Internship application task 2 for the Unlocking the potential of AI-Powered Code Assistance with GPT-3 and Codex position

Remark

This project is archived and no longer worked on.

Task prompt

A programmer has an upcoming exam and only has N hours left to prepare. The textbook has M topics, each of which requires a certain amount of hours Ti for studying, and has a certain number of questions Ki that could potentially appear on the exam. Unfortunately,N hours is not enough time to completely study all the topics, but the exam task will have L questions, chosen randomly from all the questions in the textbook with an equal probability. What is the best way to use limited time to maximize the chances of getting the best possible grade?

Implementation idea

I will use a dynamic programming algorithm to determine the best combination of exercises to be completed. At every step, the algorithm calculates if for the given combination of hours remaining (N-i), Kj and Tj it would be better to skip the exercise or include it in the study plan.

The formula is memo[i][j] = Math.max(memo[i][j-1], memo[Math.max(0, i-time[j])][j-1] + questions[j]), where i is the current amount of hours already studied, j is the number of the chapter in question. If the first term of the Math.max() function is bigger, we are better with skipping the current chapter. If the latter is bigger, that means we would gain more from studying the current chapter.

To put it in a more abstract way, at a point in time i, we "look back" and see how the path chosen at hour i - Tj to study the current chapter, compares to all other paths that would lead us to the current time i, but at the end of the previous chapter (j-1). This propagates through the memory matrix and leads to the result (total number of problems which the students studied) at memo[N][M].

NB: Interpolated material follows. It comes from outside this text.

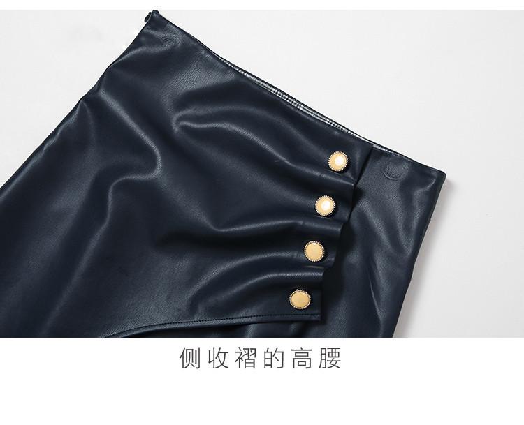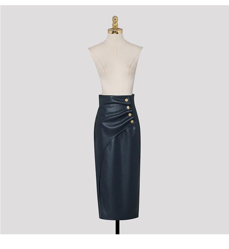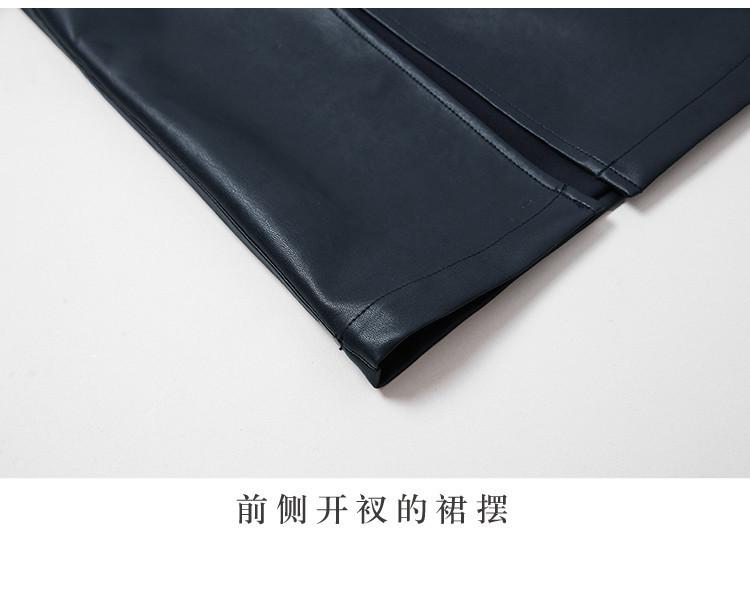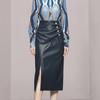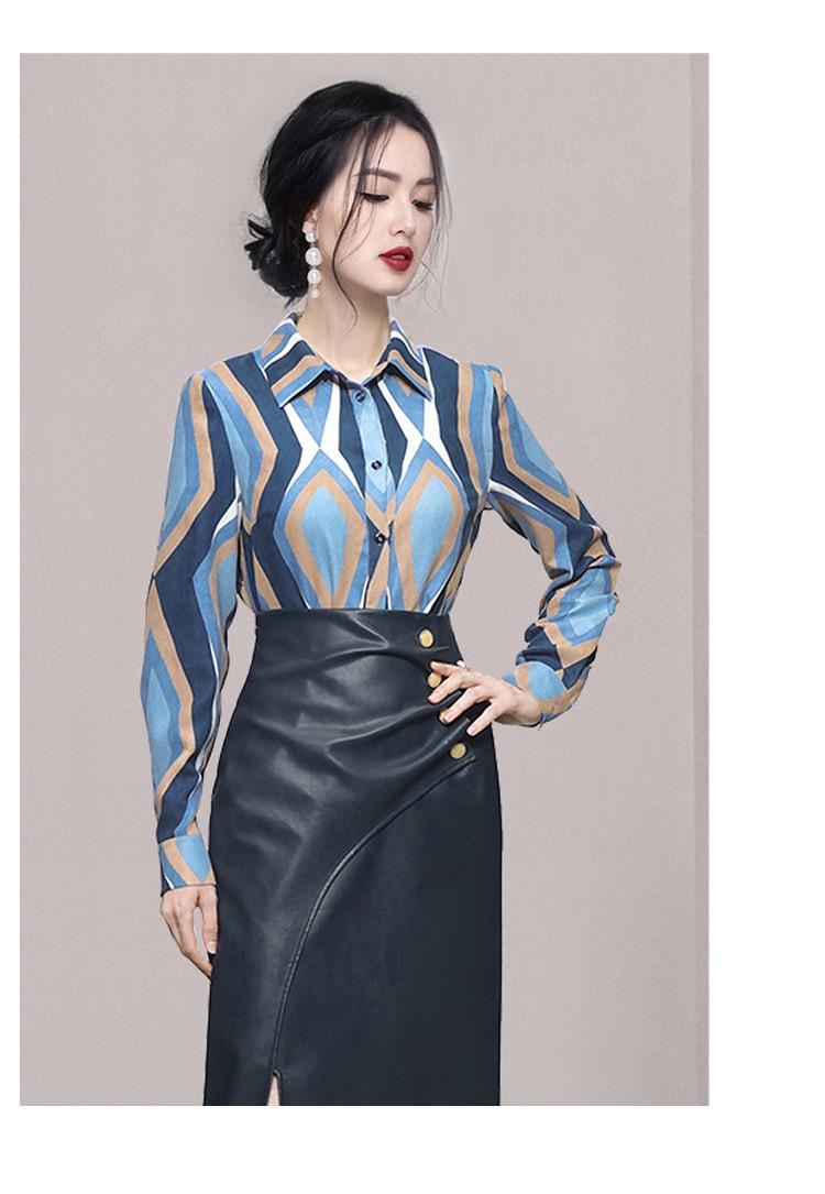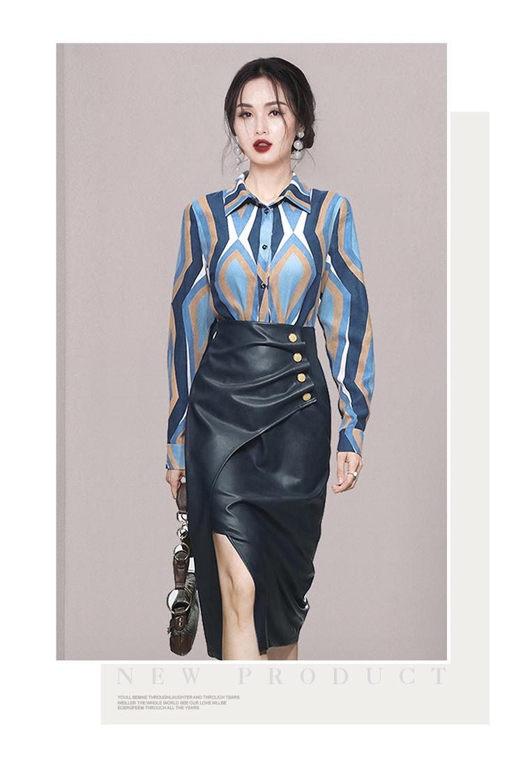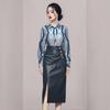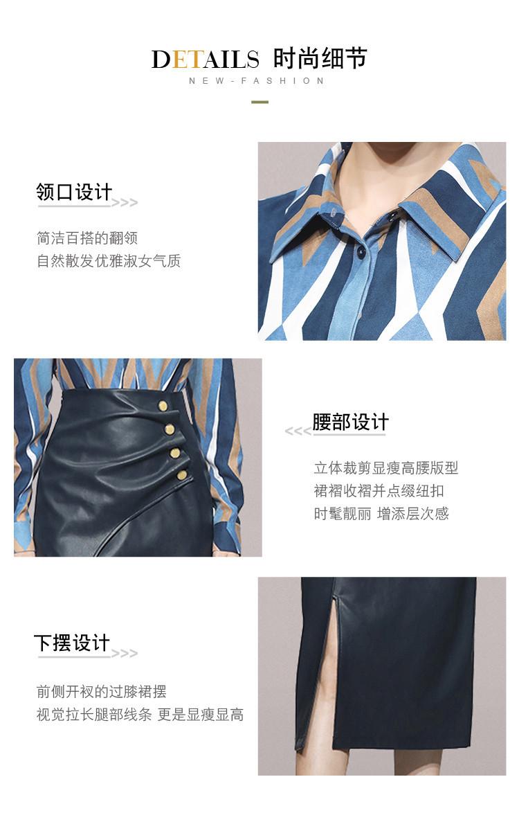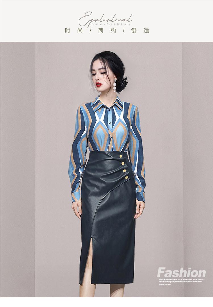 Nuevo conjunto de dos piezas para mujer de moda coreana 2025 transfronterizo, camisa de solapa estampada, falda midi de PU con abertura ajustada de cintura alta

From there, we backtrack, to find the chapters that lead to this optimal solution. To find them, we check if the value in the memory array at position [currentHour][j] is equal to the value from [currentHour-Tj][j-1] plus K[j]. If they are equal, it means that the j-th chapter is part of the optimal solution.

Input

Please refer to the input.txt file under src/resources. It contains instructions on how the input should be structured.

Running the application

Please run the Main.main() method. This will automatically output the list of chapters to study, in a to-do list format.

Testing

There is 93% Method and Line coverage. The only method that is not tested is Main.main(), but all the functions called in main are tested.

Complexity

1. Time complexity

The time complexity of the DPStudyPlanGenerator.calculateOptimalPlan() method is O(NM) for the memoization step and O(M) for the backtracking step which select the chapters to be studied. Therefore, the total complexity is O(NM).

And for the DPStudyPlanGenerator.printOptimalPlan(), the complexity is also O(M), as there can be at most M chapters to be studied.

All other methods of the DPStudyPlanGenerator class run in constant time.

Therefore, the total complexity of the program is O(M + NM + C) = O(NM), where C is a constant.

2. Space complexity

The total space complexity is upper bounded byO(NM), for N the number of hours to study and M the number of topics. This is because of the memoization matrix.